Example topology graph of an 8-node H100 cluster, with 8 GPUs per node. (alltoall_perf)
Key Features:
- Run single-node NCCL tests for intra-node performance evaluation
- Run pairwise NCCL tests across all node combinations for inter-node evaluation
- Parse logs and generate summary reports (CSV/Markdown)
- Visualize network topology with bandwidth graphs
- Support for SLURM clusters
Testing Strategy:
- Single-node tests: Evaluate intra-node GPU communication performance on each node individually
- Pairwise tests: For N nodes, test all pairs (e.g., 4 nodes → 6 pairs: A-B, A-C, A-D, B-C, B-D, C-D) to evaluate inter-node communication
- Motivation
- Limitations
- Project Structure
- Prerequisites
- Usage
- Useful Links
- Troubleshooting
- Known Issues
NVIDIA’s NCCL Tests already provides a reliable and privilege-free way to benchmark GPU communication performance.

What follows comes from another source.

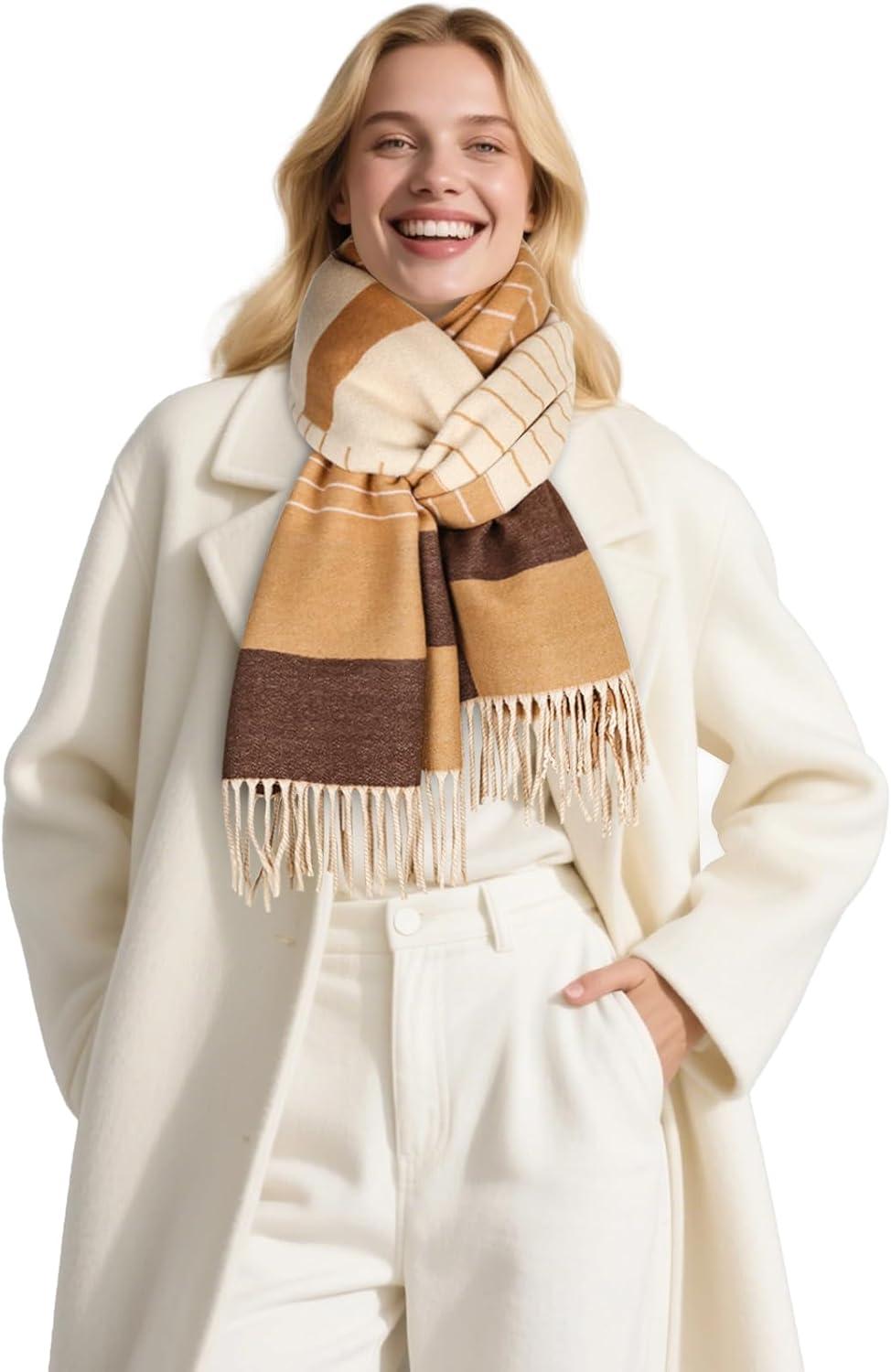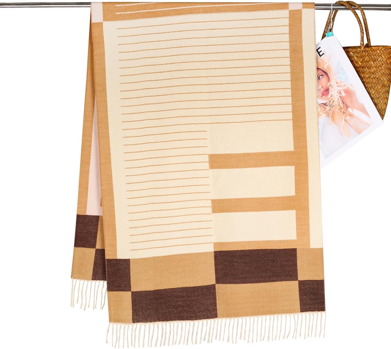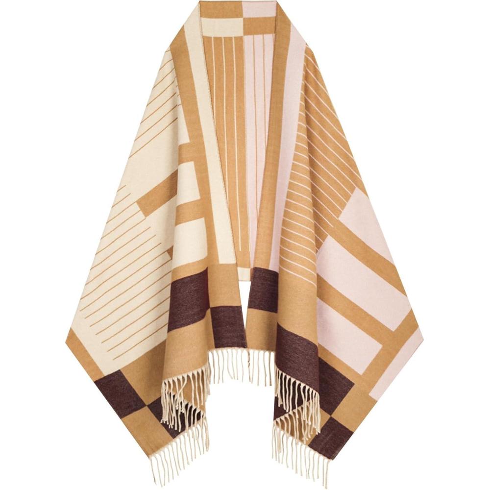 EXTREE Scarfs for Women Pashmina Silky Shawl Wrap for Evening Dressing Blanket Open Front Poncho Cape(Aji-khaki-beige)

However, in real-world HPC or cloud environments, users without administrative access often face limited visibility into the system. Tools such as NVIDIA DCGM or low-level network profilers are typically unavailable, making it difficult to obtain a clear picture of inter-node communication performance.

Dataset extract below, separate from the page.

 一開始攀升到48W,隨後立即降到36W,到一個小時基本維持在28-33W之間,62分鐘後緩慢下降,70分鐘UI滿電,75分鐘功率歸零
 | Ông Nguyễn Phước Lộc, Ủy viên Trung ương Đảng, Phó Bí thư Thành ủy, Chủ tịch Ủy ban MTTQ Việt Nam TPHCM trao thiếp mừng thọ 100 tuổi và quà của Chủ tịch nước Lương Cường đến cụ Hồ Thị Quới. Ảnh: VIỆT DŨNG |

This raises a practical challenge:
How can we systematically evaluate and visualize inter-node bandwidth patterns in a GPU cluster without relying on administrative tools or privileges?

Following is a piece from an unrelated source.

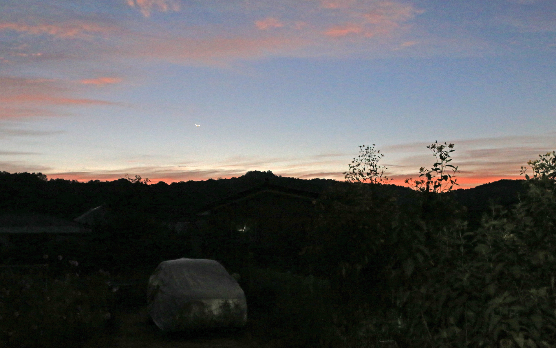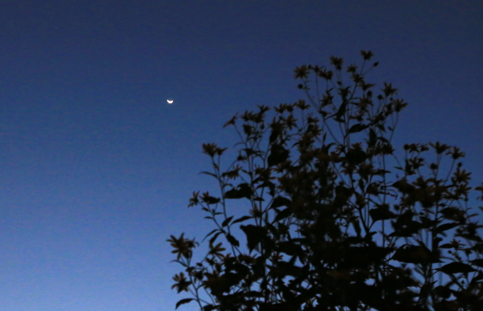 날이 많이 샜는데도 그믐달이 보인다.
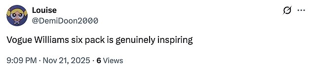 Fans took to X to obsess over the presenters jaw-dropping figure and wrote: ‘Vogue Williams six pack is genuinely inspiring’, ‘Vogue williams is #fit’.

NCCL Tests Cluster bridges this gap by automating and extending NCCL Tests for scalable, user-level performance evaluation. It enables users to:
- Automatically run pairwise NCCL benchmarks across all node combinations
- Parse and summarize logs into structured CSV/Markdown reports
- Visualize network topology with bandwidth-based heatmaps and graphs
Together, these capabilities extend NCCL testing into a fully automated and scalable workflow—making it easier to verify cluster health, identify communication bottlenecks, and optimize resource allocation even without system-level monitoring tools.
- Scheduler: Only SLURM is supported currently
- GPU/NIC Selection:
- No automatic testing of all GPU/NIC combinations
- Manual configuration via environment variables (e.g.,
CUDA_VISIBLE_DEVICES, NCCL variables) is possible - GPU/NIC details are only visible in debug logs (
--debugenablesNCCL_DEBUG=INFO)
- Test Configuration: Only pairwise (N=2) tests supported
This structure allows users to easily manage benchmark results across multiple clusters, with each cluster maintaining its own NCCL test logs and summaries. Additional documents or scripts related to specific clusters—such as hardware specifications or other types of benchmarks—can also be included as needed.
benchmarks/
{cluster_name}/ # e.g., cluster01: 8 nodes × 8 H100 GPUs each
nccl-benchmark-results/
single-node/ # Single node test results
with-debug/
logs/
summary.csv
summary.md
without-debug/
(same as above)
multi-node/ # Multi-node test results
(same as above)
pairwise/ # Pairwise test results
with-debug/
logs/
topology/
summary.csv
summary.md
without-debug/
(same as above)
# ... others documents/scripts of this cluster
{cluster_name2}/
nccl/
build/ # Compiled NCCL library (NCCL_HOME)
nccl-tests/
build/ # Compiled NCCL test binaries (NCCL_TEST)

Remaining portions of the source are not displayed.